In Tunisia il diritto all’acqua non è iscritto nella Costituzione, allora bisogna che almeno venga garantito da una legge che non si limiti a enunciare (il diritto all’acqua è un po’ come il diritto alla vita che tuttavia non impedisce il ricorso alla pena capitale!), ma che preveda anche la possibilità da parte dei cittadini di fare ricorso contro lo Stato, qualora tale diritto non venisse rispettato. In ogni caso, però, andrebbe definito un limite alla consumazione gratuita, ad esempio un massimo di 50 litri al giorno a persona che è una media credibile. Ma per ogni ogni litro di consumo ulteriore occorrerebbe applicare il prezzo di un litro di benzina: in questo modo sicuramente si eviterebbe lo spreco. Persino i ricchi ci penserebbero su prima di sprecare l’acqua, un rubinetto d’acqua aperto per un minuto significa molti litri !

Ho fatto lobbying in questo senso qualche tempo fa, senza molto successo poiché mi battevo da solo contro nemici molto potenti. In questo periodo incontrai Mohamed Brahmi (deputato del Fronte Popolare ucciso in un agguato il 25 luglio 2013 n.d.t.) a Sidi Bouzid in occasione di un dibattito, una persona molto gentile .Era apparso molto interessato al problema e avrebbe voluto formare un piccolo gruppo di pressione…la sua morte, che mi ha colpito profondamente, ha messo fine a questo nostro tentativo, purtroppo.

Tunisia in Red: In quali parti del paese sussiste questo tipo di problema?

Habib Ayeb: Certamente non a Sousse, Hammamet o a Monastir(zone turistiche per eccellenza n.d.t.) parliamo del grande Sud, del Sud politico, come lo definisco io, che parte dalla regione di Tabarka e arriva a Tataouine, passando per Sidi Bouzid, Gafsa ecc.e le regioni frontaliere, ma c’è anche un sud politico “di prossimità”, diciamo così, come i quartieri periferici di Tunisi di Saida Manoubia, Melassine o Hay Ettadhamen.
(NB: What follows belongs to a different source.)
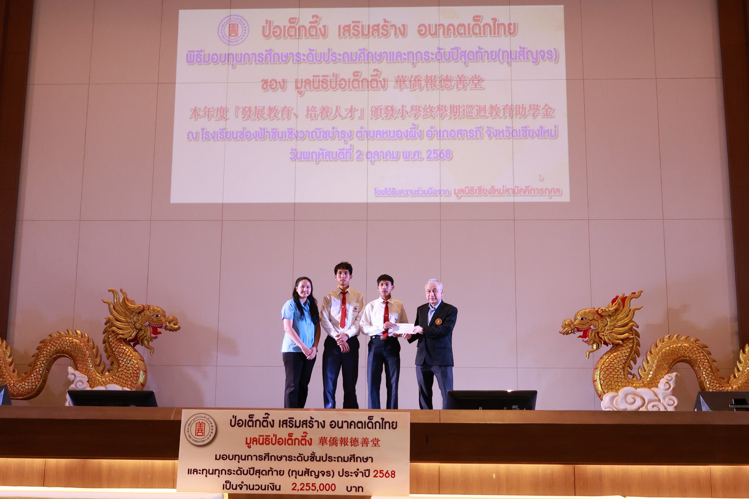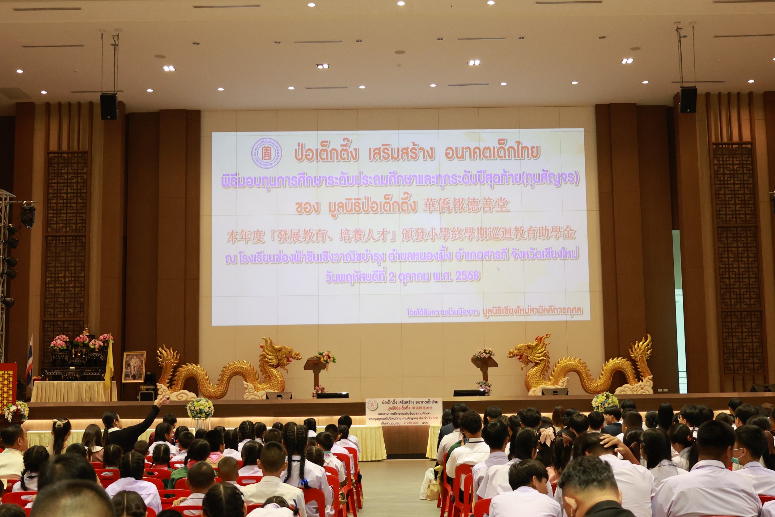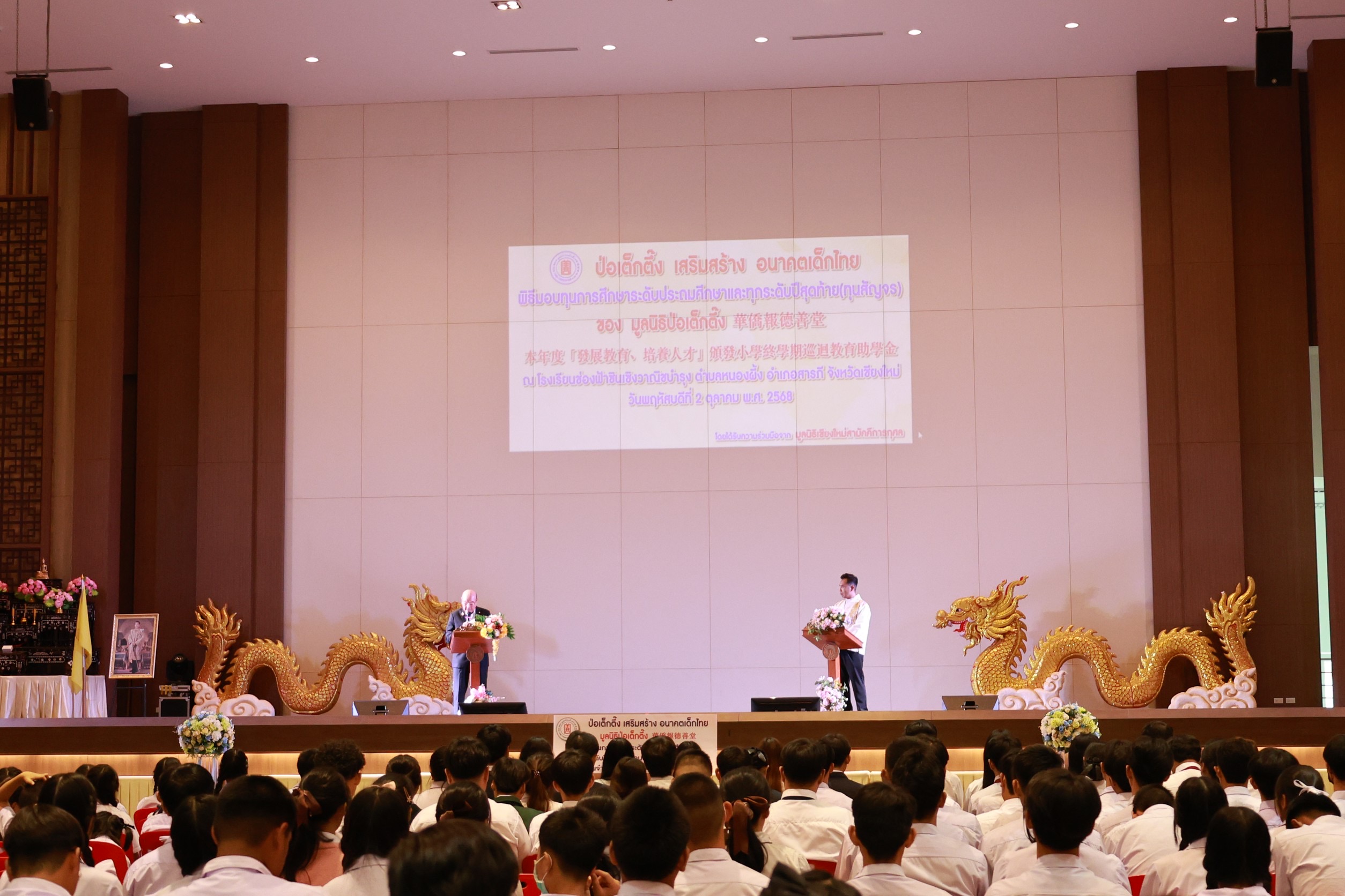 โดยมีนายวีรพงศ์ ฤทธิ์รอด รองผู้ว่าราชการจังหวัดเชียงใหม่ เป็นประธานในพิธีฯพร้อมมอบทุนร่วมกับมูลนิธิป่อเต็กตึ๊ง การมอบทุนฯในครั้งนี้จัดขึ้นเพื่อมอบให้นักเรียน นักศึกษาที่ประพฤติดีแต่ขาดแคลนทุนทรัพย์ในระดับชั้นมัธยมศึกษา อาชีวศึกษา และอุดมศึกษา ช่วยเหลือและส่งเสริมโอกาสทางการศึกษาแก่เยาวชน ให้มีความมุ่งมั่น ตั้งใจศึกษาเล่าเรียน ตลอดจนสามารถนำความรู้ไปพัฒนาตนเอง ครอบครัว และสังคม
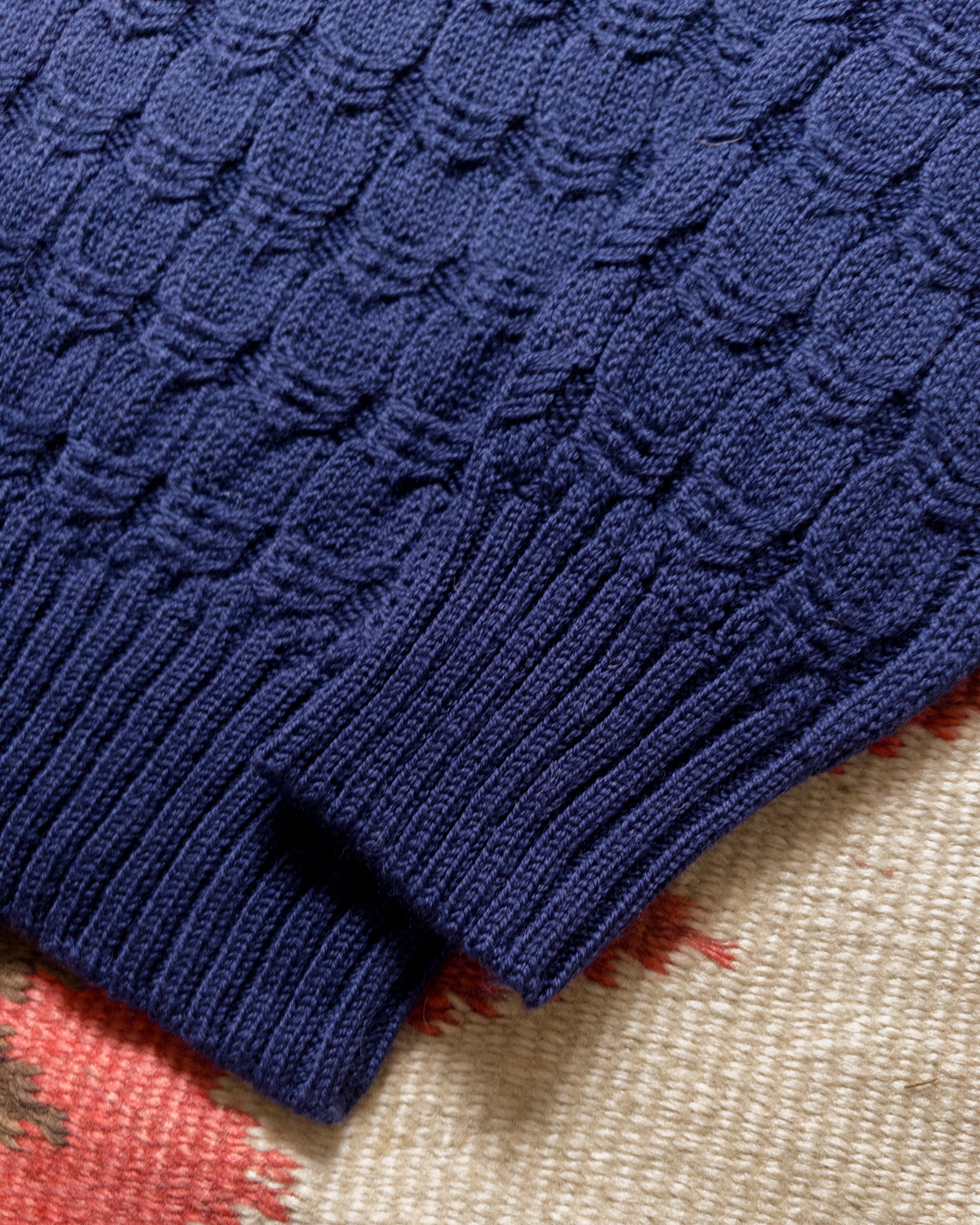 The cableknit sweater has clear and defined roots in vintage clothing. We kept pulling these cableknit sweaters out of our archive and continually said "wow, these are really good" enough times where we knew we had to make some ourselves. Inspired by older ivy sweaters, we worked with our new knitting parters in Peru to really knock these out of the park, and were able to come up with our own knitting pattern in the process.

Conosco una vedova a Saida Manoubia che, quando era vivo suo marito, aveva un bagno, dopo la sua morte, non avendo più entrate a sufficienza, ha distrutto tutto l’impianto idraulico, lasciando solo un rubinetto con un tubo di plastica, perché con tre figli che, specialmente d’estate, si vorrebbero fare la doccia troppo spesso, non avrebbe potuto pagare la bolletta. Quindi ha spaccato tutto, compreso lo scaldabagno e l’impianto di riscaldamento. D’inverno scalda una tinozza d’acqua costringendo i figli a lavarsi con quella quantità limitata d’acqua. E’ una povera donna, ma che riesce a ben gestire le spese famigliari anche in questo modo.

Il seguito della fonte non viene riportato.